Country United States
Language English
Gross revenue $21,621,000

Shining Through is a 1992 World War II film drama, directed and written by David Seltzer and starring Michael Douglas and Melanie Griffith. Although based on the novel of the same name by Susan Isaacs, the film's plot is considerably different. The original music score was composed by Michael Kamen. The film's tagline is: "He needed to trust her with his secret. She had to trust him with her life."

Contents

Plot summary

In 1940, before the United States has entered the war, Linda Voss (Melanie Griffith), a young woman of Irish/German Jewish parentage living in Queens, New York, begins a new job as a secretary with a New York law firm. Because of her German language skills, she becomes a bilingual assistant and translator to Ed Leland (Michael Douglas), a humourless attorney at law.

Linda increasingly suspects that Ed's activity is more than standard legal work. She is proved right when, after America officially joins forces with the Allies, he emerges as an officer in the OSS with the rank of colonel. She accompanies him to confidential meetings in New York and Washington, D.C., and before long, they also become lovers. But when he is suddenly posted away — probably on a mission to occupied Europe, she is left alone and devastated.

Assigned to work in the War Department, Linda sees or hears nothing of Ed until he reappears as suddenly as he left. Reluctant to resume their affair, he does re-employ her. Ed and his colleagues abruptly need to replace a murdered agent in Berlin at very short notice. Despite knowing little about intelligence work — only what she's seen in movies — Linda volunteers and Ed allows himself to be persuaded.

They travel together to Switzerland, where she is handed over to master spy Konrad Friedrichs, codenamed "Sunflower" (John Gielgud). Despite being appalled at her dialect ("the accent of a Berlin butcher's wife!"), he installs Linda in a cheap Berlin apartment and introduces her to Margrete von Eberstein (Joely Richardson), a beautiful and socially well-connected woman also working as an Allied agent.

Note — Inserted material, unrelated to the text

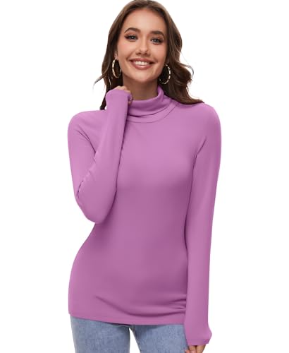 YARRCO Haut Thermique Femme Manche Longue Col roulé Casual sous-vêtements Thermiques Chaud & Léger Ski sous Pull t Shirt Hiver Doux et Confortable (Violet,M)

Linda is planted as a cook into the household of a social-climbing Nazi, but her first dinner is a disaster and she is sacked on the spot. She is taken on as a nanny to the children of high-ranking Nazi officer Franz-Otto Dietrich (Liam Neeson), who had been a guest at the dinner. Unable to report back to Ed, she is taken to Dietrich's house and effectively drops out of sight.

Dietrich is in the habit of bringing home confidential documents, so Linda sets about searching the house so that she can find and photograph them. Contrary to orders, she also attempts to locate some Jewish cousins, believed to be hiding in a cellar in a Berlin suburb. She soon discovers that they have been arrested.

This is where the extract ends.